Required action: Nothing should appear in the answer except the lines below from the line containing "Happy New Year" through the line containing "time and energy!", copied exactly, with pictures left out.

Records to use:
- Opening Delimiter -
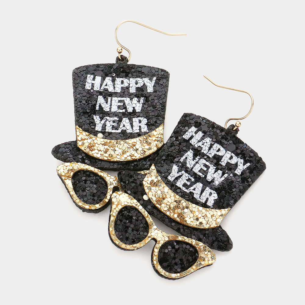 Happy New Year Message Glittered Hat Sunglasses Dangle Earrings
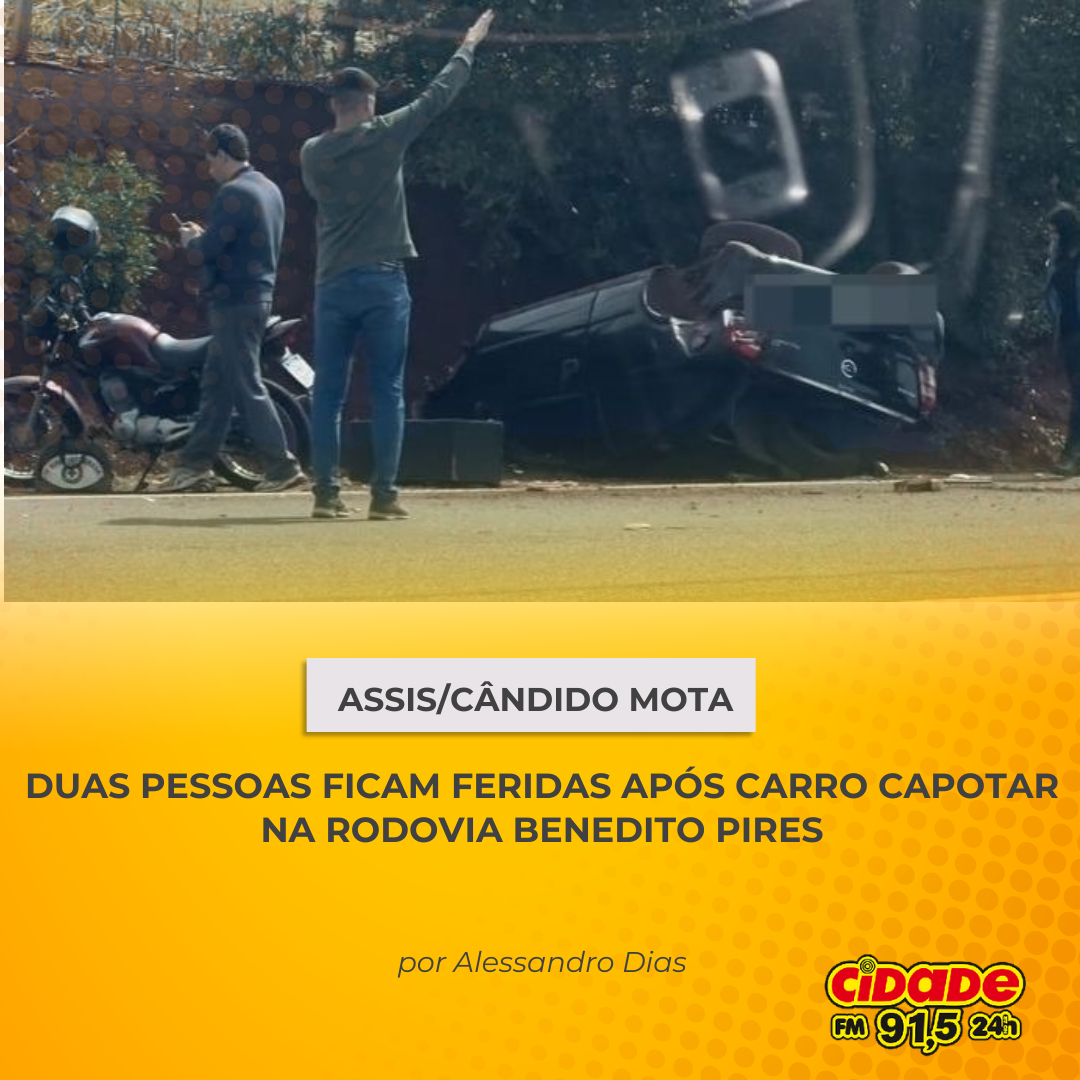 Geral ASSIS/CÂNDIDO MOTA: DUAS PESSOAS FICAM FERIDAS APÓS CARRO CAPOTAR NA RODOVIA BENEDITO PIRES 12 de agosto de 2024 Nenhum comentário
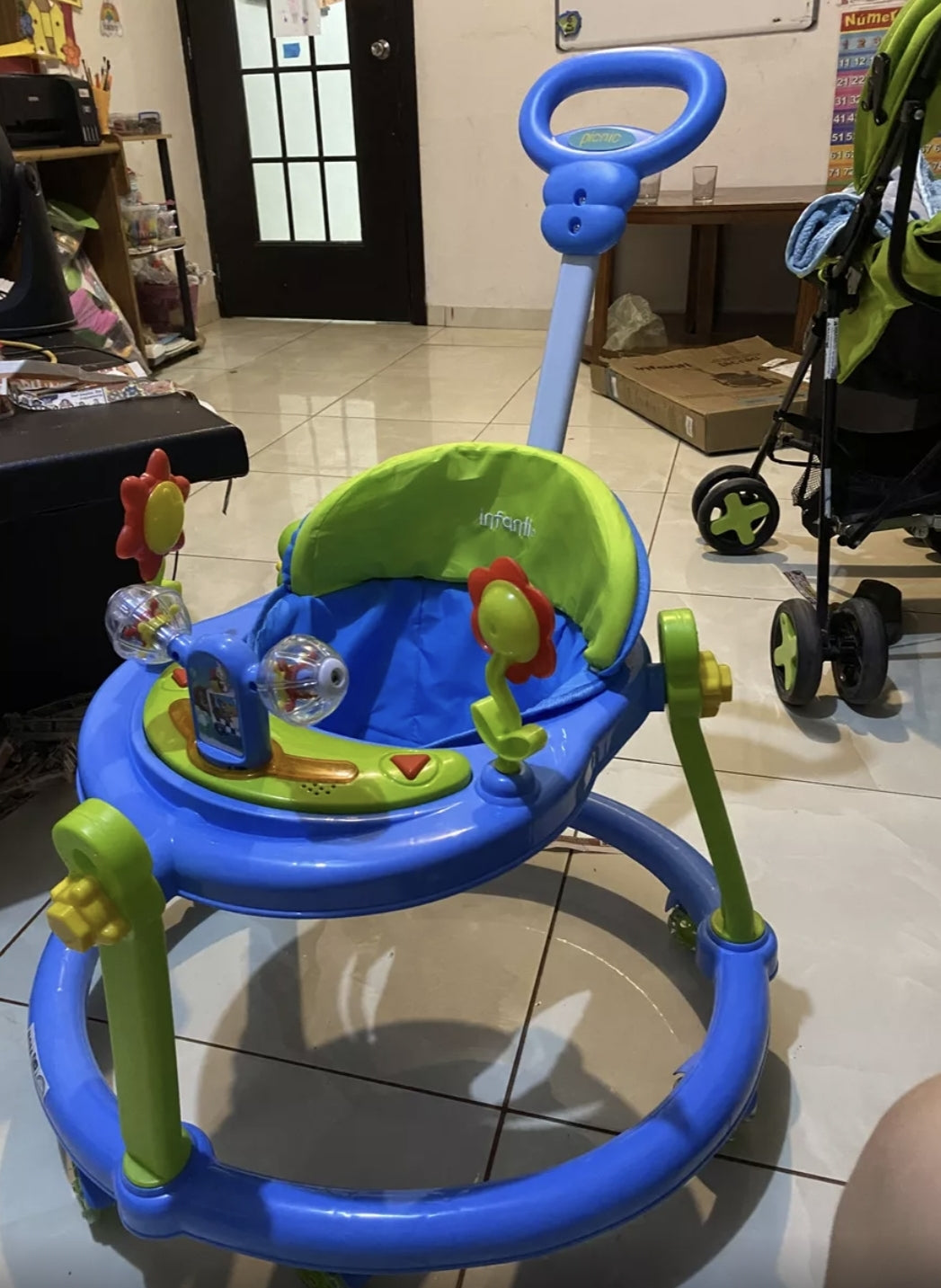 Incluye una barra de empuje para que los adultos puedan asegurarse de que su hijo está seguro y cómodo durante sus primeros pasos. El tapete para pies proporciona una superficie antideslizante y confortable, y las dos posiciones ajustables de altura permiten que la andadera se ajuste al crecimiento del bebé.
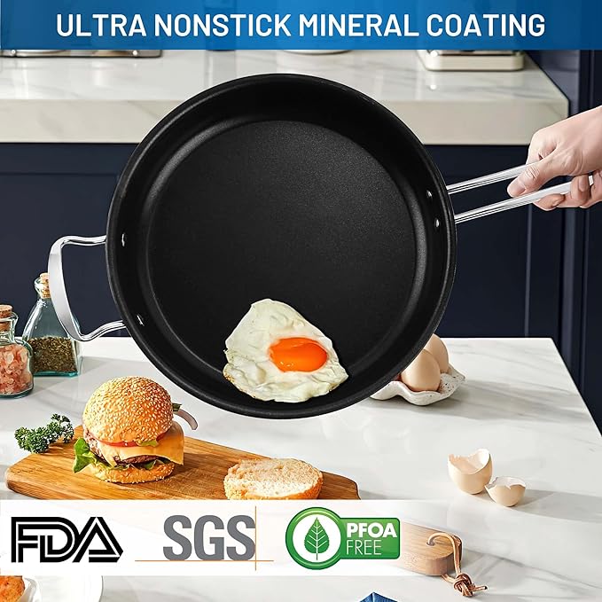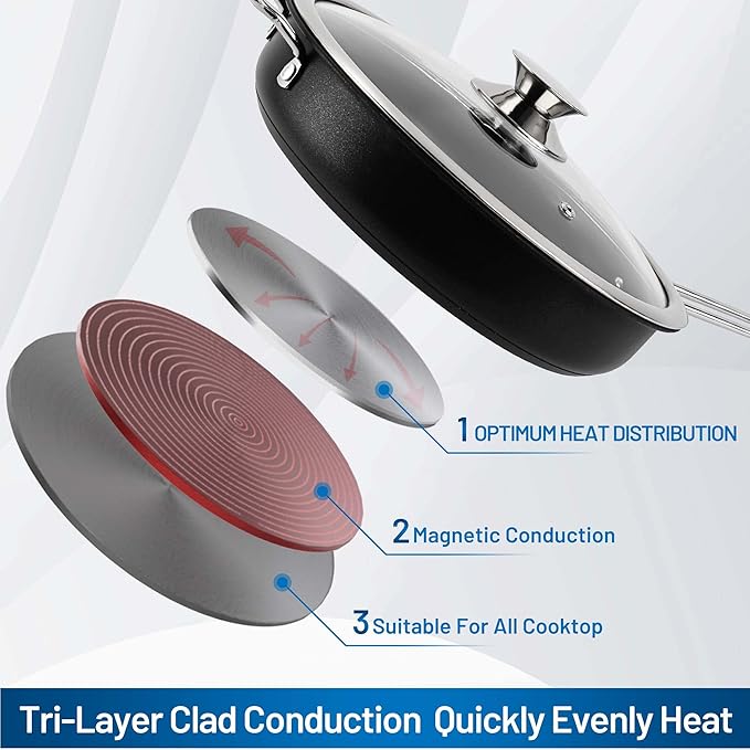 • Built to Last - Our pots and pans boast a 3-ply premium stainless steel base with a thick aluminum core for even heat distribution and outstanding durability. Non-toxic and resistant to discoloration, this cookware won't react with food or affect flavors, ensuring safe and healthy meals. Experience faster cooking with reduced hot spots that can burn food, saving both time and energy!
- Closing Delimiter -
- Opening Delimiter -
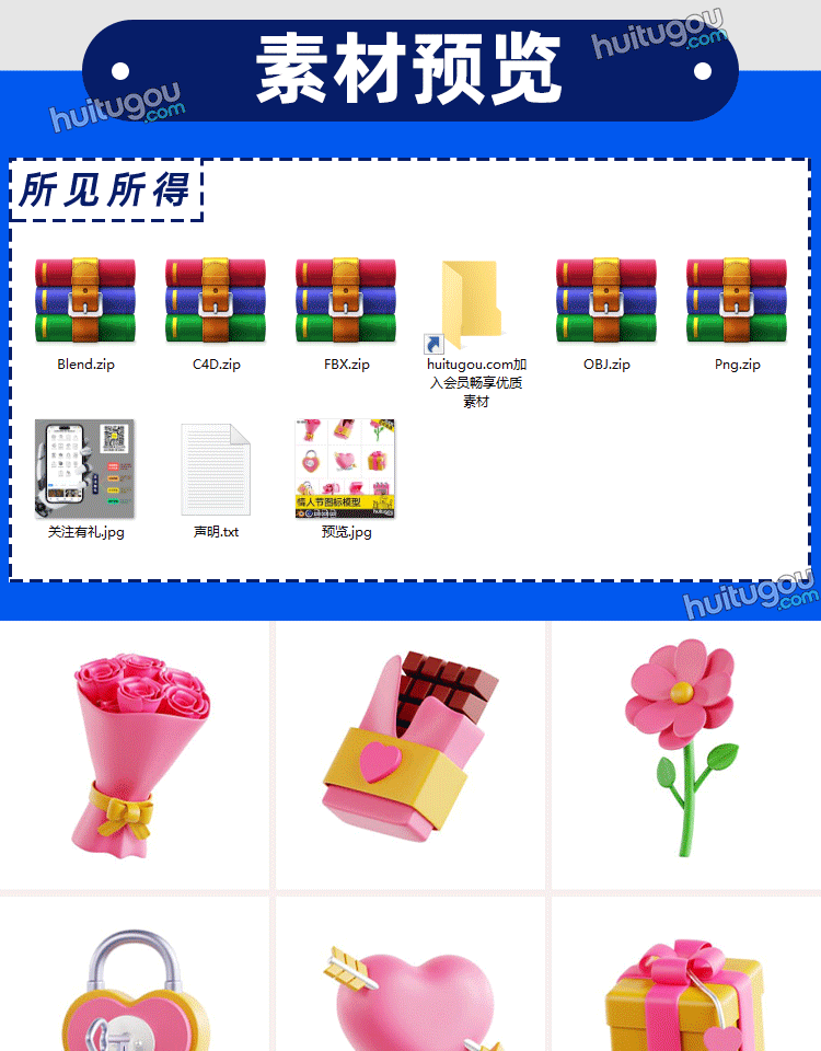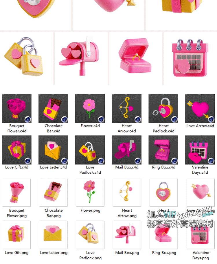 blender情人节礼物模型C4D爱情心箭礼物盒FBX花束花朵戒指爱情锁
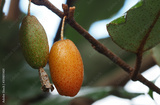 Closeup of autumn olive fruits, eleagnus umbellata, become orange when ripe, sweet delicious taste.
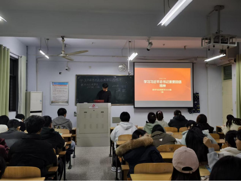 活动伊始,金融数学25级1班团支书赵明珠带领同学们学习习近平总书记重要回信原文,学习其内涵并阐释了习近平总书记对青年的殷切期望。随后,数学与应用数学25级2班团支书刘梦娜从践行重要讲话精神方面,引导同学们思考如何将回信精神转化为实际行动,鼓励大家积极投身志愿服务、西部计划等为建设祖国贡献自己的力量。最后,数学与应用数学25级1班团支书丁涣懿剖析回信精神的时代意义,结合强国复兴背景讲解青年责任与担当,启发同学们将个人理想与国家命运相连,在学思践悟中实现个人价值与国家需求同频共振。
- Closing Delimiter -
Result:
 Happy New Year Message Glittered Hat Sunglasses Dangle Earrings
 Geral ASSIS/CÂNDIDO MOTA: DUAS PESSOAS FICAM FERIDAS APÓS CARRO CAPOTAR NA RODOVIA BENEDITO PIRES 12 de agosto de 2024 Nenhum comentário
 Incluye una barra de empuje para que los adultos puedan asegurarse de que su hijo está seguro y cómodo durante sus primeros pasos. El tapete para pies proporciona una superficie antideslizante y confortable, y las dos posiciones ajustables de altura permiten que la andadera se ajuste al crecimiento del bebé.
 • Built to Last - Our pots and pans boast a 3-ply premium stainless steel base with a thick aluminum core for even heat distribution and outstanding durability. Non-toxic and resistant to discoloration, this cookware won't react with food or affect flavors, ensuring safe and healthy meals. Experience faster cooking with reduced hot spots that can burn food, saving both time and energy!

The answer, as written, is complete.